Q1. How many of negative pairs does not satisfy the optimal thershold if a method only uses negative pairs into the loss function?

We interpret your question in two possible ways:
(1) How many negative pairs fall below the optimal similarity threshold when training only with the VRN loss, or
(2) when using a contrastive loss with only cross-view negatives.

Regarding (1), the VRN loss is not intended to serve as a standalone training objective. It is designed to regularize standard contrastive losses, and cannot learn meaningful representations on its own.

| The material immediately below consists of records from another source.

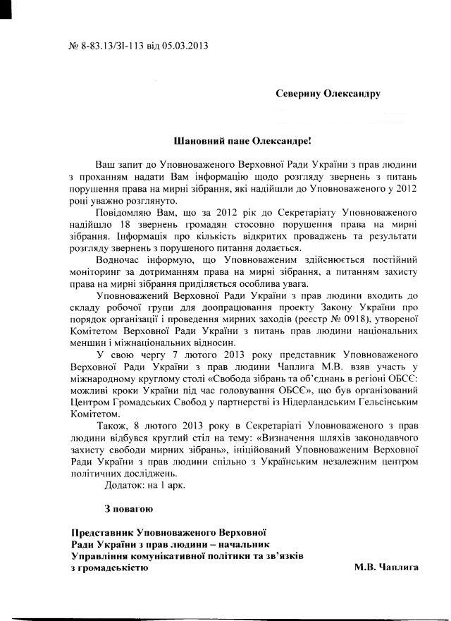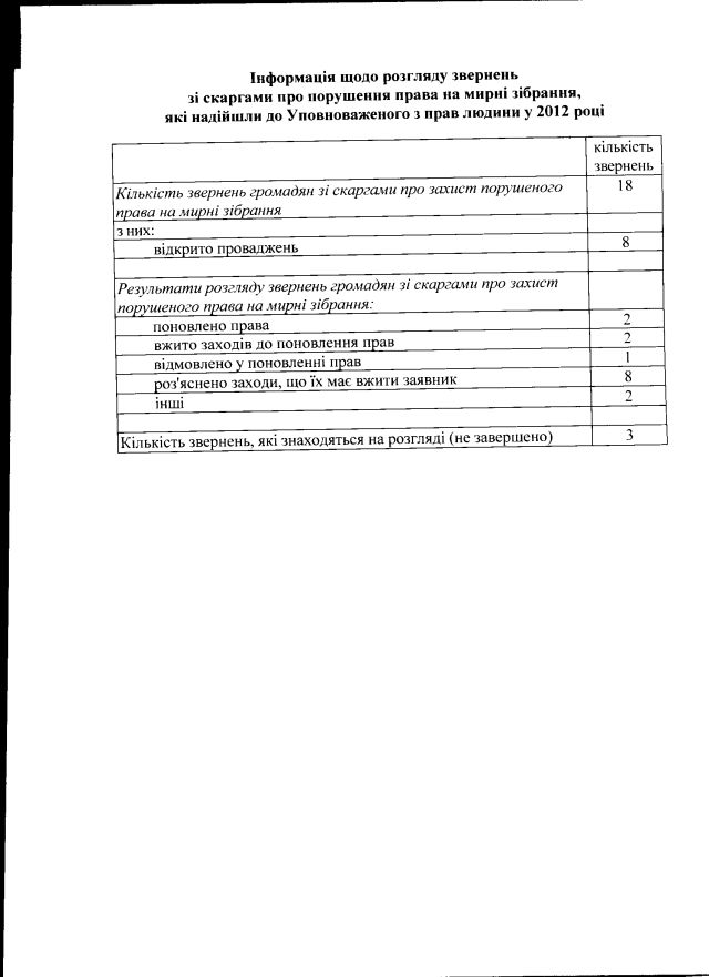Інформаційний центр “Майдан Моніторинг” у процесі щорічного дослідження свободи мирних зібрань в Україні спитав Уповноваженого Верховної Ради з прав людини про: кількість звернень громадян про захист порушеного права на мирні зібрання, кількість випадків порушення провадження, кількість відмов у порушенні провадження (за даними 2012 року). Відповідь – до вашої уваги:
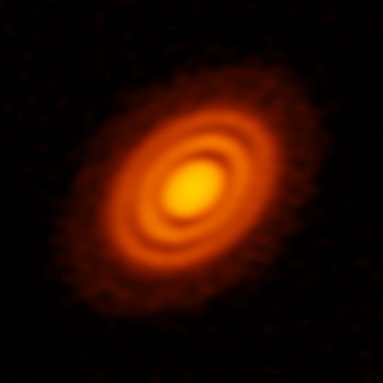 Image: ALMA image of the protoplanetary disk surrounding the young star HD 163296 as seen in dust. Credit: ALMA (ESO/NAOJ/NRAO); A. Isella; B. Saxton (NRAO/AUI/NSF).
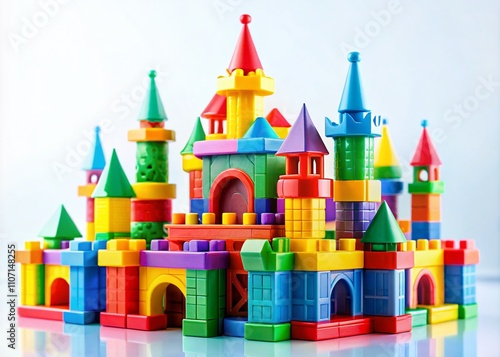 A vibrant toy castle isolated against a white backdrop features colorful block architecture, capturing the essence of children's playtime and educational inspiration through tilt-shift photography.
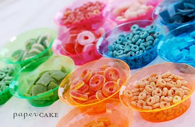 Candy grouped together by colour and placed in small bowls looks adorable & tasty too.
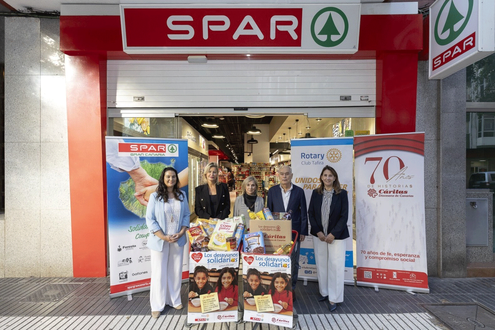 A la presentación de la campaña, celebrada en la tienda SPAR Tomás Morales, acudieron la directora general de SPAR Gran Canaria, Dunia Pérez; en representación de la propiedad de la cadena, Clara Medina; la directora de Responsabilidad Social Corporativa, Yubi Cisneros; y los presidentes de Rotary Club Las Palmas, Eloísa Moreno, y de Cáritas Diocesana de Canarias, Gonzalo Marrero.
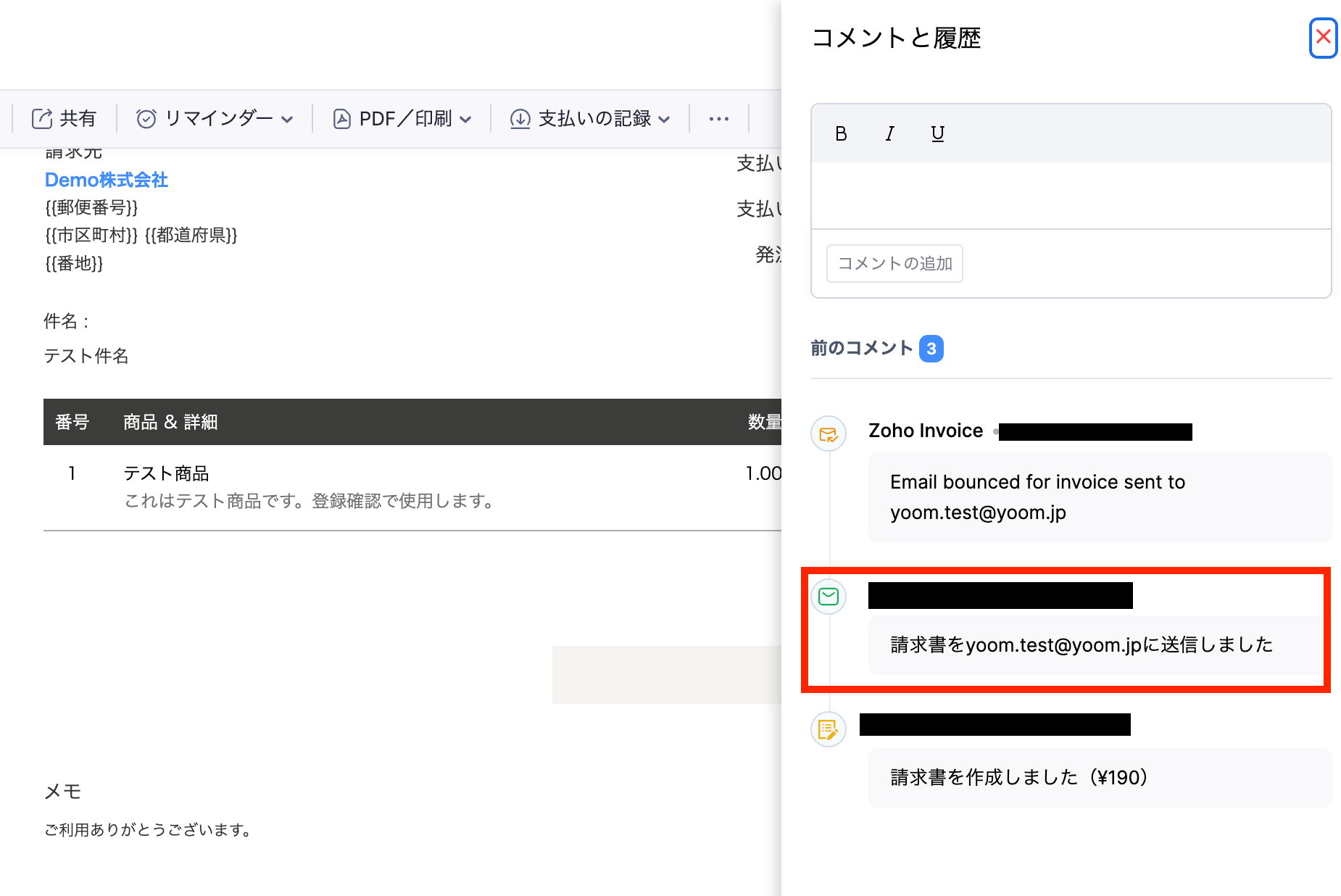テスト成功で、請求書が送信されています。Zoho Invoiceを確認してみましょう!
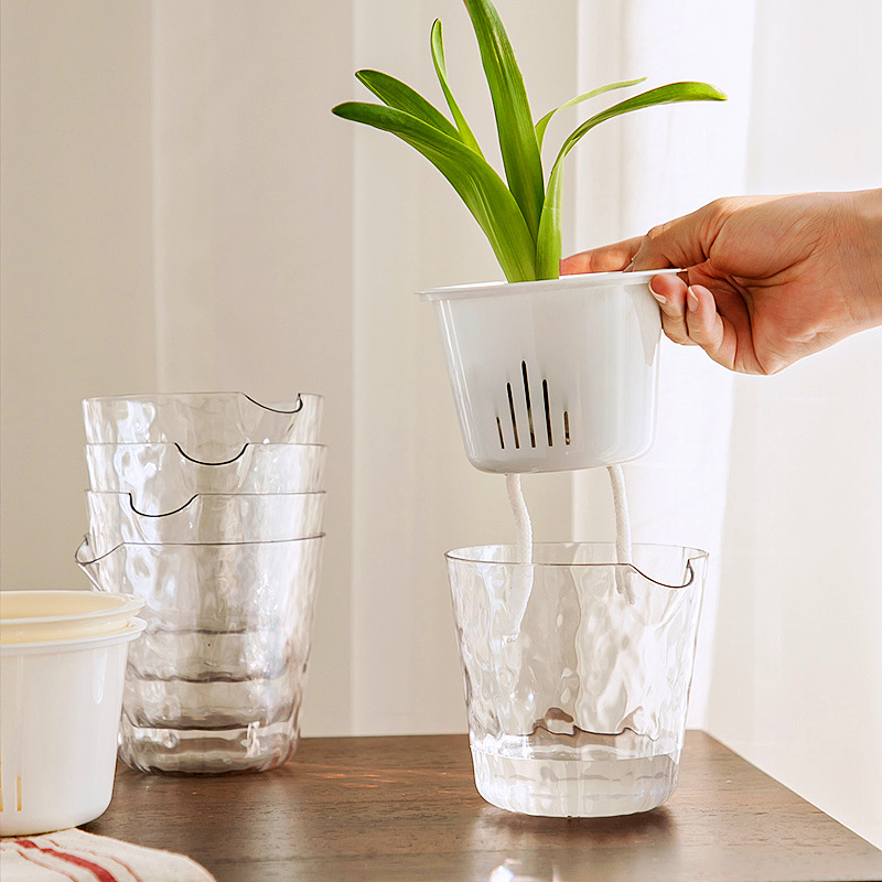 Pot Bunga Penyerap Air Transparan Tinggi Pot Bunga Malas Pot Air Balkon Pot Bunga Resin Plastik Tanpa Penyiraman

Regarding (2), we report statistics from models trained with sigmoid loss (in Example 5.4), which uses only cross-view negatives. In this case, a large fraction of negative pairs have similarities below the threshold of 1n1-\frac{1}{n-1}, where nn is the sample size. This indicates over-separation. When the loss is modified to include both cross-view and within-view negatives, this issue is mitigated, as shown below:

Negative-pair typeRatio below threshold (%)
cross-view69.30
cross-view & within-view66.88

Table 2 Negative pair similarity in models pretrained with sigmoid loss.

Please let us know if this interpretation differs from your intent — we would be glad to clarify further.


Q2. Is there any toy experiments?

Please see E1 in our response to Reviewer qfkv.

最终决定

This paper theoretically studies contrastive learning when negative pair are too close to each other, and mitigates the issue of the suboptimality by the variance reduction. Though a few reviewers initially had a concern about how the theoretical/empirical findings will be affected when it comes to the mini-batch setting, the authors have adequately addressed their concerns. Thus, I recommend this submission for acceptance.